Had sex with the ex last night. Regretting to begin in 5, 4, 3, 2, 1... WHYYYYYYYYYY!
just got a rotting pancake and bacon in the mail from your address....
someone just broke into my class and invited everyone to the bar ...now we're filling out a police report. awesome.
You're always adorable, but when you're drunk, you're like Chia Pet adorable.
do you think theyll let us bring mariachis to the strip club?
as you might have guessed from my lack of texts, the herpes have calmed down.
Did you leave a blizzard on my porch last night? Or was that someone else giving out a metaphorical threat to me?
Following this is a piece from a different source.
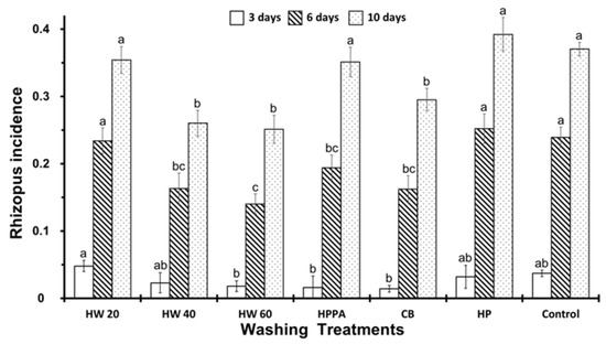 Incidence of Rhizopus at 3, 6, and 10 days of storage in inoculated fruits according to different washing treatments. Washing treatment: HW20, HW40, HW60: Hot water dip at 20, 40, and 60 °C for 20 s; HPPA: spraying 0.6% of Hydrogen Peroxide 23% + peracetic acid 15%; CB spraying Commercial Bleach at 0.5%; HP: spraying 2% of Hydrogen peroxide 50%; control: not washing. On the same day of storage, different letters (a, b, c) indicate significant differences at 5% (LSD test).

They don't allow McDonald's in the ER. Go figure
I only know two things that kitchen floors are good for... sex and quesadillas that got dropped. You know, the five second rule
You. Dating a sex offender cop. Life writes itself sometimes.
There's no way you didn't at least start out with a dick. I obviously know there isn't one now, but there is no way that you were born a girl
You know you're drunk when you're apologizing for your asshole at 4am to the toilet. Eat shit habanero bbq sauce, you've ruined my life.
I figured you were on something. You're way too happy right now to be sober
I'll be honest, this year's Vegas trip will be nothing short of disappointing if there's no repeat of the angry ménage a trios in a closet.
I fell out of my bed whilst trying not to move this morning. I AM ADULT
I had ice cream for breakfast two days in a row.